* Aim of the task:
What you write should be an exact repeat of the lines from the one with "사실 나는 또 다른 일행이" through the final line below, minus the pictures.

━━━━━ Data extract ━━━━━

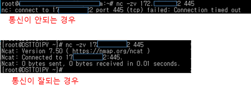 확인2) smb포트 139, 445 통신 오픈됬는지
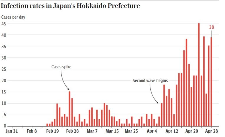 Een deel van Japan krijgt met een tweede én zwaardere golf van het coronavirus af te rekenen. Volgens experts had die vermeden kunnen worden als de maatregelen niet zo snel opgeheven zouden geweest zijn.
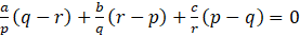 ⇒ p (p – q) (2br – 2cq) = r (q – r) (2aq – 2bp)
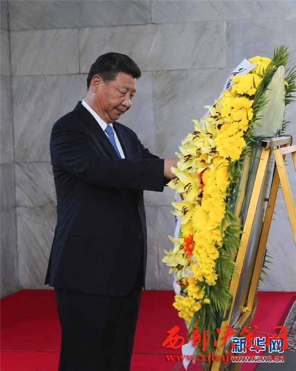 會談前,習(xí)近平向柬埔寨獨立紀念碑獻花圈。
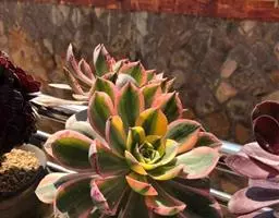 红缘莲花掌属蔷薇目、景天科植物,原产大西洋的加那利群岛。质厚,蓝绿色,被白霜,叶缘红褐色。聚伞花序,…
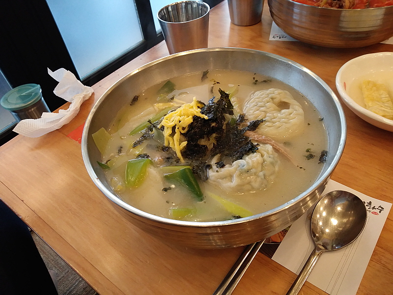 사실 나는 또 다른 일행이 주문한 떡만두국도 먹고 싶었다. 이 국물에 만두를 넣으면 사골만두국이 되는 것이니 말이다. 하지만 일단 그건 다음 기회로 미루기로 하고 이집의 시그니쳐 메뉴에 집중하기로 한 것이다. 물론 옆에서 먹고 있는 칼국수도 땡겼다. 그럼 다음에 와서 도대체 뭐부터 먹어야 하는 거야?
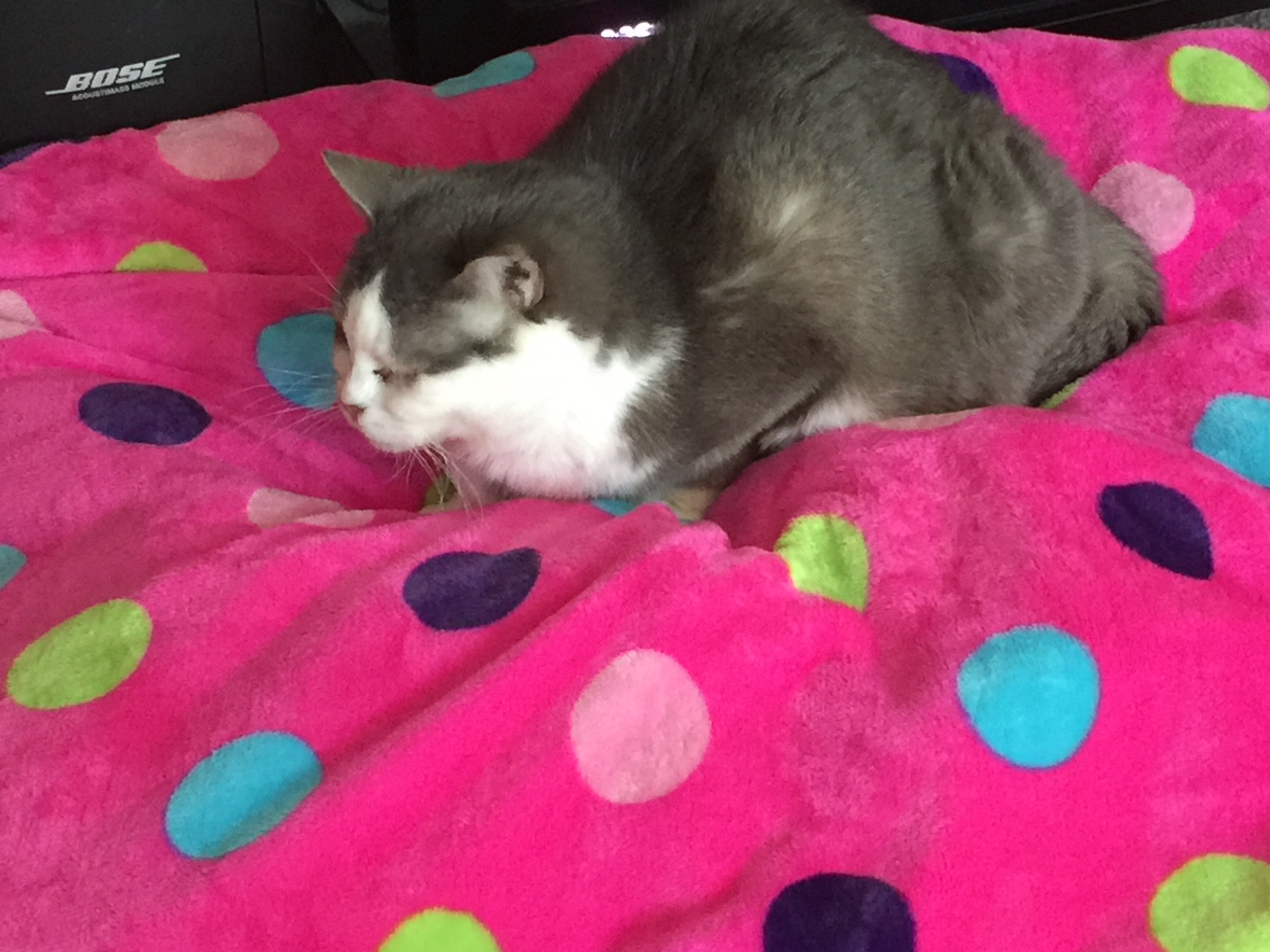 Here is my pet bed/mismatched sock container. I’m hoping the cats find it cozy!

━━━━━

* Task solution:
 사실 나는 또 다른 일행이 주문한 떡만두국도 먹고 싶었다. 이 국물에 만두를 넣으면 사골만두국이 되는 것이니 말이다. 하지만 일단 그건 다음 기회로 미루기로 하고 이집의 시그니쳐 메뉴에 집중하기로 한 것이다. 물론 옆에서 먹고 있는 칼국수도 땡겼다. 그럼 다음에 와서 도대체 뭐부터 먹어야 하는 거야?
 Here is my pet bed/mismatched sock container. I’m hoping the cats find it cozy!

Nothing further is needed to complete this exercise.